Geoff Sobelle is a modern-day Buster Keaton in his one-man show The Object Lesson, which had its New York premiere at the BAM Fisher on Wednesday night and continues through Saturday. Once the doors to the intimate Fishman Space open, lucky ticket holders — the run is sold out, although there is a standby line — enter a room filled with hundreds and hundreds of cardboard boxes of all sizes, some scattered across the floor to be used as seats, others piled high to the ceiling. Many of the boxes are open, inviting people to peruse their contents. They contain the stuff of a lifetime, a hoarder’s fantasy, from footballs and photographs to stuffed animals and trophies, from Christmas decorations and clothing to papers and toys. There’s also a large card catalog with drawers and drawers of smaller items, many of which hold surprises that reveal a wry sense of humor. (Be sure to check out the Hamlet compartment.) Eventually, Sobelle enters the room and creates a central space consisting of a carpet, chair, side table, and lamps, magically pulling the items out of boxes while David Byrne’s “Glass, Concrete & Stone” plays on a turntable; “It is just a house, not a home,” the former Talking Head sings, differentiating between physical things and a more emotional concept. For the next seventy minutes or so, Sobelle rummages through boxes, interacts with the audience, has cleverly created telephone conversations, makes a salad like no one else ever has, and encounters memories that he can’t decide whether he wants to forget or remember, prompted by particular, tangible pieces of his past. He does all this in a mostly deadpan manner, with plenty of sly nods to the audience, who occasionally need to shift position when he builds his next set. (In addition to the “box seats” on the floor, a more standard row of theater chairs in the balcony accommodates those who might be otherwise uncomfortable, but the floor is clearly the place to be.) It all leads to a dazzling finale in which Sobelle, the co-artistic director of rainpan 43 and longtime member of Philadelphia’s Pig Iron Theatre Company, gathers everyone around him as he — well, you have to see it to believe it.

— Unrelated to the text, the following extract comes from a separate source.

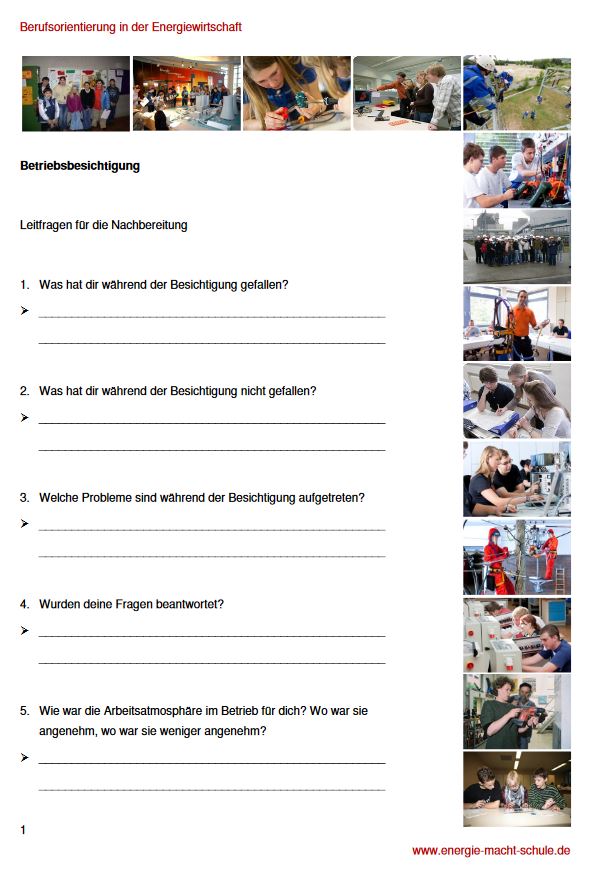 Das zweiseitige Arbeitsblatt, welches sich besonders für den Einsatz in der Sekundarstufe I eignet, fasst Leitfragen zur Reflexion eines Kraftwerksbesuchs zusammen. Es soll Schülerinnen und Schüler vor allem dabei helfen, das Gesehene und Erlebte gedanklich zu systematisieren, zu verbalisieren sowie gegebenenfalls offene und weitere Fragen zu formulieren.

(photo by Jeremy Abrahams)

Each box Geoff Sobelle rummages through bring back memories, both fun and heartbreaking (photo by Jeremy Abrahams)

Every movement, every step, is wonderfully choreographed by Sobelle’s collaborators, director David Neumann, set designer Steven Dufala, lighting designer Christopher Kuhl, and sound designer Nick Kourtides, each contributing to the immersive illusion of it all. Winner of three major awards at the 2014 Edinburgh Fringe, The Object Lesson is inspired in part by the wit and wisdom of George Carlin, who said in his famous “A Place for My Stuff” routine, “That’s all you need in life, a little place for your stuff. That’s all your house is — a place to keep your stuff.” Sobelle has turned BAM’s Fishman Space into his own house, his own storage facility, like the end of Citizen Kane, with boxes and boxes of the stuff he has accumulated over the years. (Yes, many of the items are actually his.) Call it what you want — junk, trash, flotsam and jetsam, garbage, debris, waste, crap — but each one has a particular meaning for him, each one a root that ties him down, and it will dredge up memories of your own as well, especially when you return home and look at your own stuff, opening that box at the back of your closet that you haven’t looked inside for years.